◆ EXERCISE AIM
Take from the entries below the stretch from the line with "子計畫2-1 東台灣幼兒教育教學卓越表現的夥伴協作與社會責任實踐" through the line with "空気を纏う軽やかなボリューム袖ショートライトブルゾン レディース ファッション", and return it exactly, leaving the pictures out.

◆ RECORDS SHOWN
━━━━━━━━━━━━━━━━━━━━

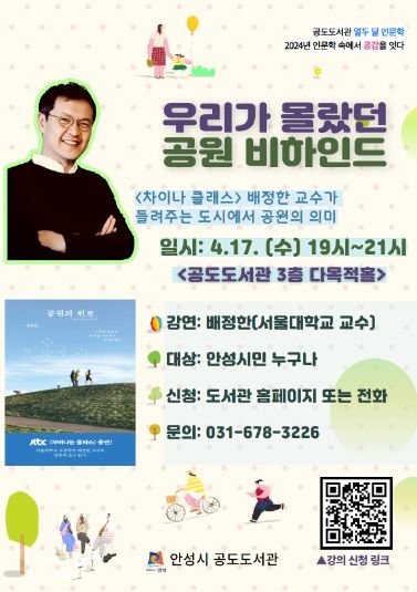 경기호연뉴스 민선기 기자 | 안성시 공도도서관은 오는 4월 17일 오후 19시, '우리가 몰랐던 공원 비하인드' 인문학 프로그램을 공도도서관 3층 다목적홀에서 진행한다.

━━━━━━━━━━━━━━━━━━━━

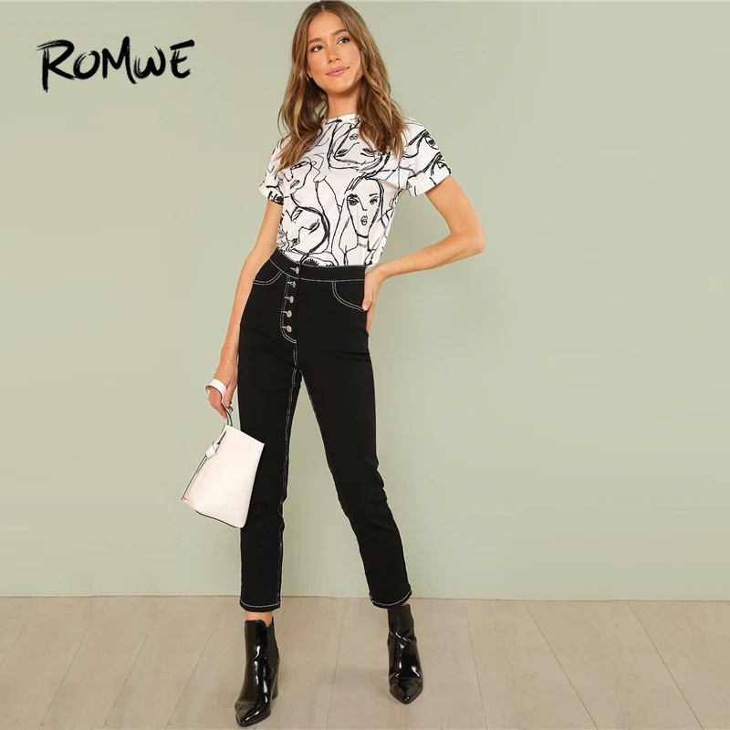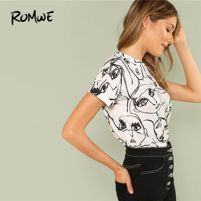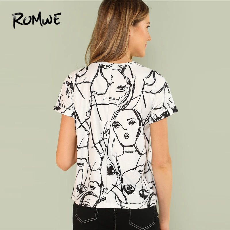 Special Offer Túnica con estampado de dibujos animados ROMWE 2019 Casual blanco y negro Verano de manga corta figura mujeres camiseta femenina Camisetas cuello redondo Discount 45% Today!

━━━━━━━━━━━━━━━━━━━━

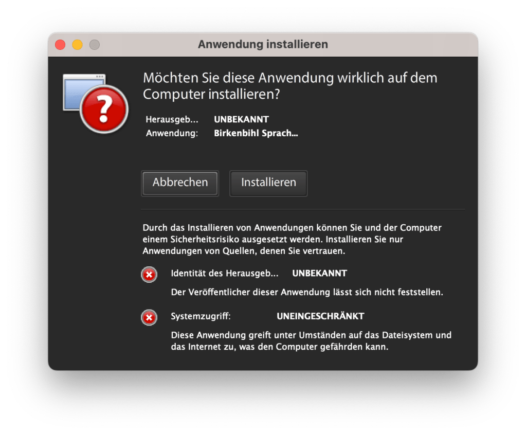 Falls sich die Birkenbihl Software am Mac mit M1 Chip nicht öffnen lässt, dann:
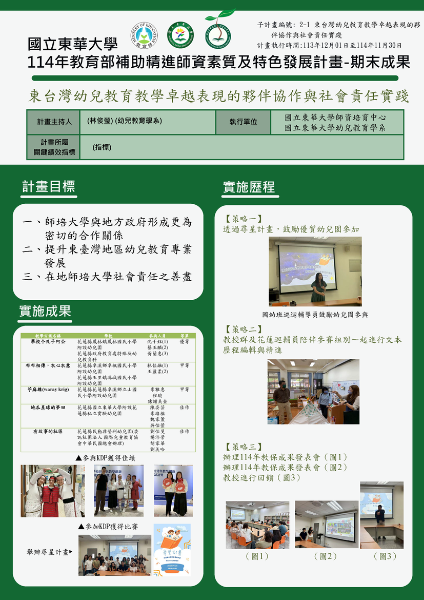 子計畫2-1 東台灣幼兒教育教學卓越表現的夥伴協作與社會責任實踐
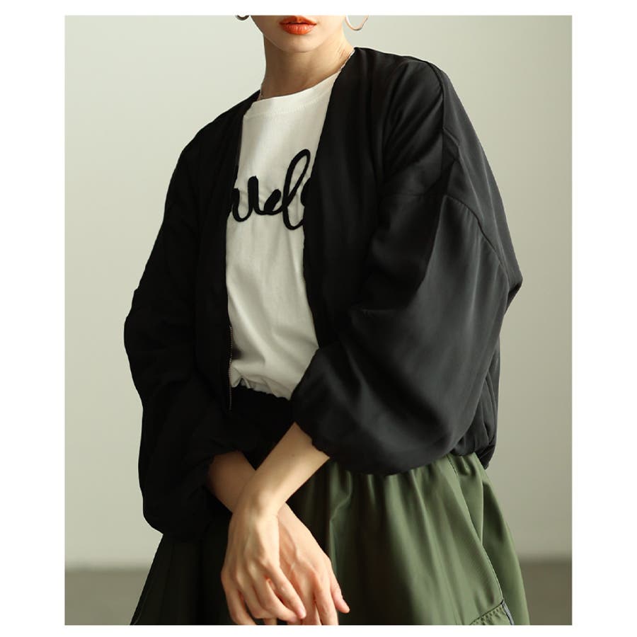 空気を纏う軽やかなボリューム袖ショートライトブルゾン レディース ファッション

━━━━━━━━━━━━━━━━━━━━

◆ REPLY
 子計畫2-1 東台灣幼兒教育教學卓越表現的夥伴協作與社會責任實踐
 空気を纏う軽やかなボリューム袖ショートライトブルゾン レディース ファッション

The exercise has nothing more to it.